TASK GOAL: From the first line to the last, print the material exactly, skipping the pictures.

RECORDED DATA:
______________________________

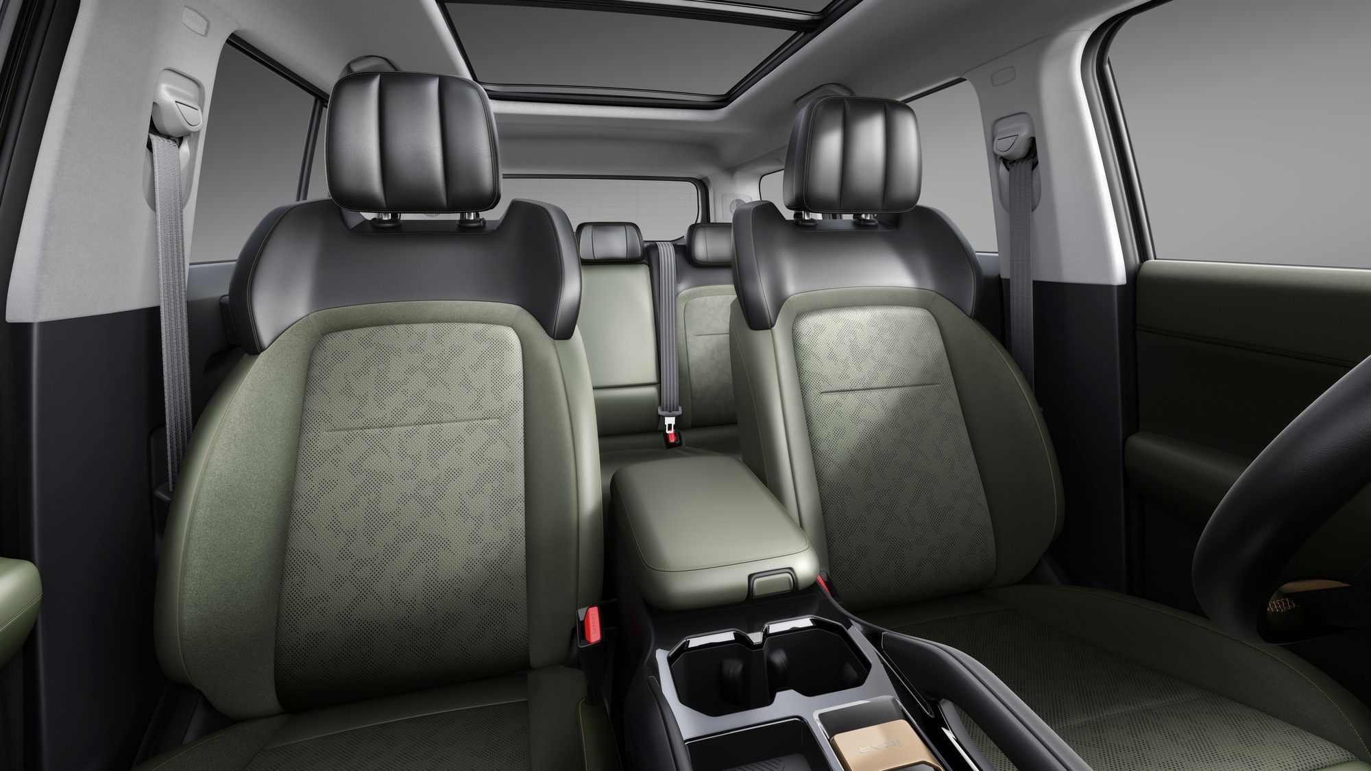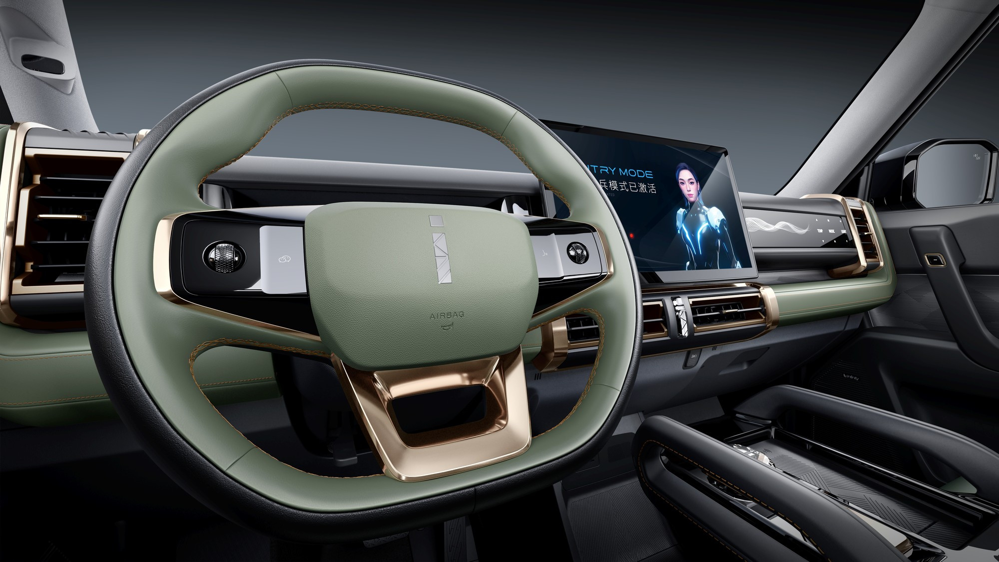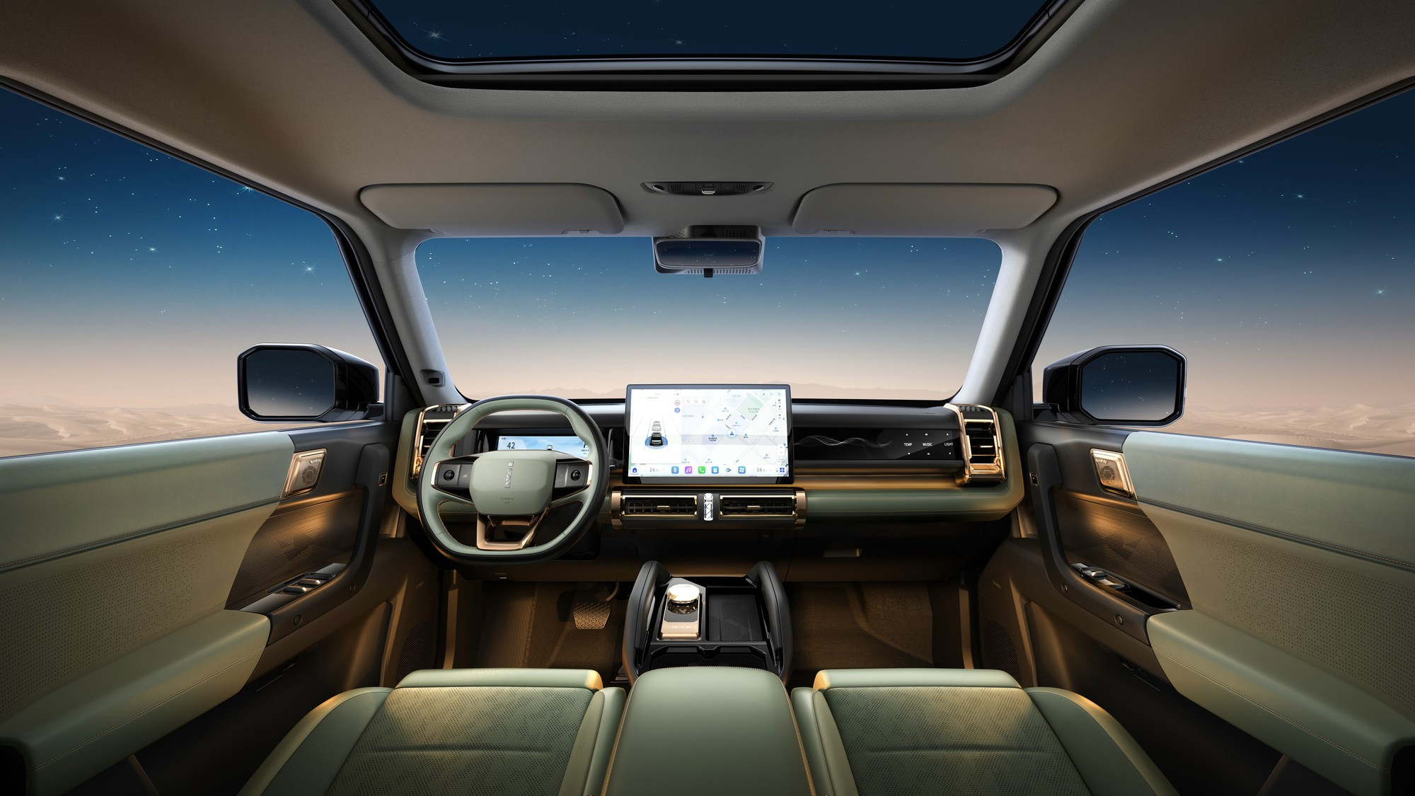 Салон отделан дорогими на вид материалами. На передней панели может быть до трёх экранов, в том числе индивидуальный для переднего пассажира. В мультимедийную систему интегрирован виртуальный ассистент i-VA — генеративный ИИ в виде девушки, своеобразный аналог ChatGPT. Центральный тоннель огорожен двумя массивными поручнями, между которыми размещены два подстаканника, лоток беспроводной зарядки для смартфона и хрустальная шайба выбора ездовых режимов. Топ-версия кроссовера щеголяет передними сиденьями с массажёрами и вентиляцией, мощной аудиосистемой с 12 громкоговорителями и автопилотом второго уровня по классификации SAE.
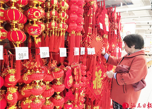 元旦当天,顾客在市区香洲路一家商场选购灯笼和中国结。春节临近,一些上班族利用元旦假期采购年货。有市民表示,用红红火火的灯笼和中国结装饰家庭更添新春喜庆。
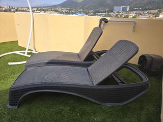 Hamacas articuladas marca Tiffany Kettler (alemanas ) con reposabrazos color blanco ,material muy sólido y duradero . Se vende sin cojines. Compradas en la tienda KETTAL Marbella. Precio no negociable. Tendrás hamaca para muuuuchos años. Son dos. Tienen una bandejita lateral junto al reposabrazos para bebidas,y un cajón en respaldo. Las colchonetas las regalo si las quieren. El color está desteñido por el sol y pequeñas manchas de humedad pero si hay alguien habilidoso ...las puede retapizar,son las originales, las regalo .NO ENVIO
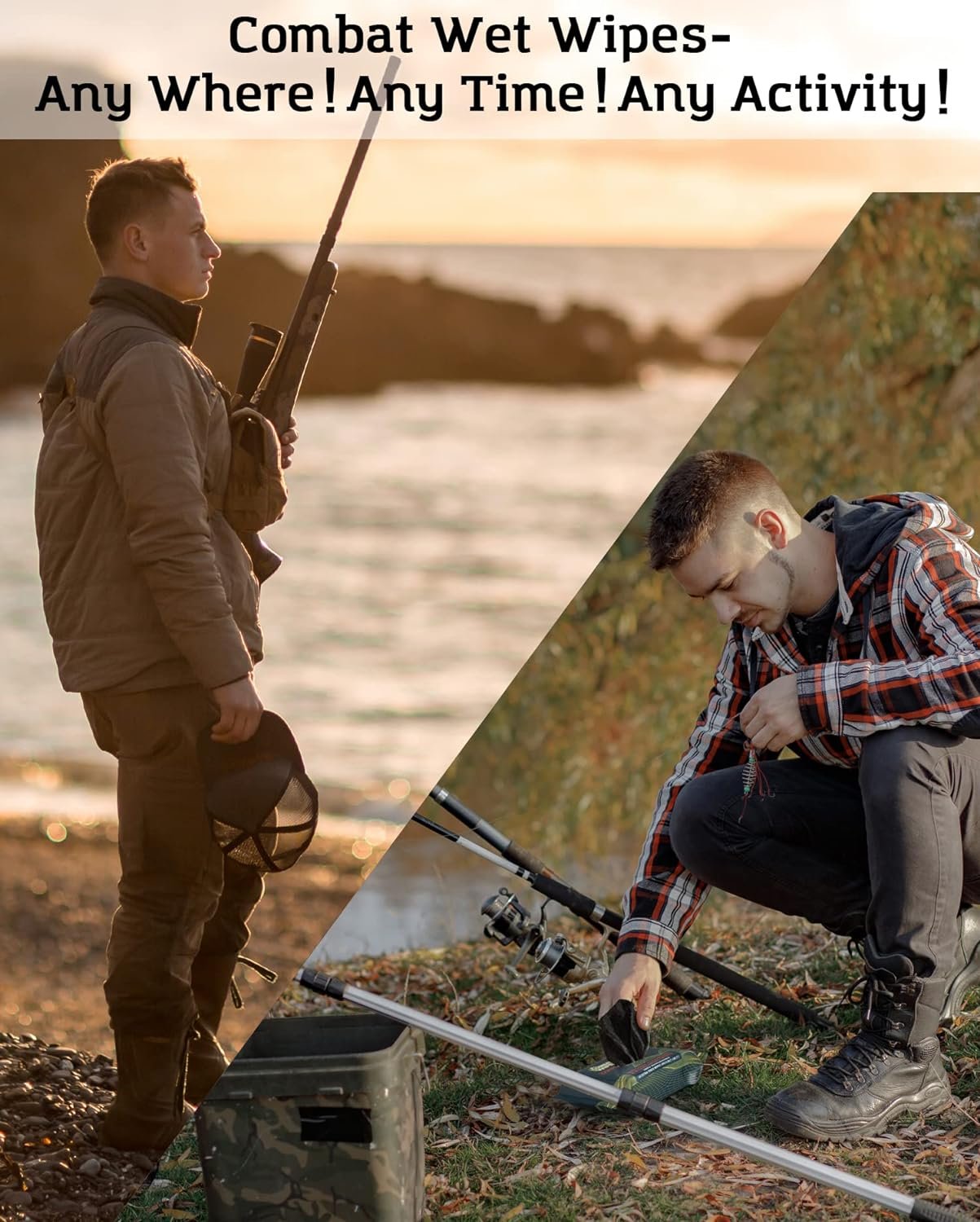 COMBAT WIPES COMMANDO BLACK WIPES are one of the only BLACK wet wipes out there! These wipes were designed by real elite military soldiers; combat-tested guys who know just how dirty and sweaty the outdoors can get, even in your unique camouflage situations.

______________________________

SOLVED PROBLEM:
 Салон отделан дорогими на вид материалами. На передней панели может быть до трёх экранов, в том числе индивидуальный для переднего пассажира. В мультимедийную систему интегрирован виртуальный ассистент i-VA — генеративный ИИ в виде девушки, своеобразный аналог ChatGPT. Центральный тоннель огорожен двумя массивными поручнями, между которыми размещены два подстаканника, лоток беспроводной зарядки для смартфона и хрустальная шайба выбора ездовых режимов. Топ-версия кроссовера щеголяет передними сиденьями с массажёрами и вентиляцией, мощной аудиосистемой с 12 громкоговорителями и автопилотом второго уровня по классификации SAE.
 元旦当天,顾客在市区香洲路一家商场选购灯笼和中国结。春节临近,一些上班族利用元旦假期采购年货。有市民表示,用红红火火的灯笼和中国结装饰家庭更添新春喜庆。
 Hamacas articuladas marca Tiffany Kettler (alemanas ) con reposabrazos color blanco ,material muy sólido y duradero . Se vende sin cojines. Compradas en la tienda KETTAL Marbella. Precio no negociable. Tendrás hamaca para muuuuchos años. Son dos. Tienen una bandejita lateral junto al reposabrazos para bebidas,y un cajón en respaldo. Las colchonetas las regalo si las quieren. El color está desteñido por el sol y pequeñas manchas de humedad pero si hay alguien habilidoso ...las puede retapizar,son las originales, las regalo .NO ENVIO
 COMBAT WIPES COMMANDO BLACK WIPES are one of the only BLACK wet wipes out there! These wipes were designed by real elite military soldiers; combat-tested guys who know just how dirty and sweaty the outdoors can get, even in your unique camouflage situations.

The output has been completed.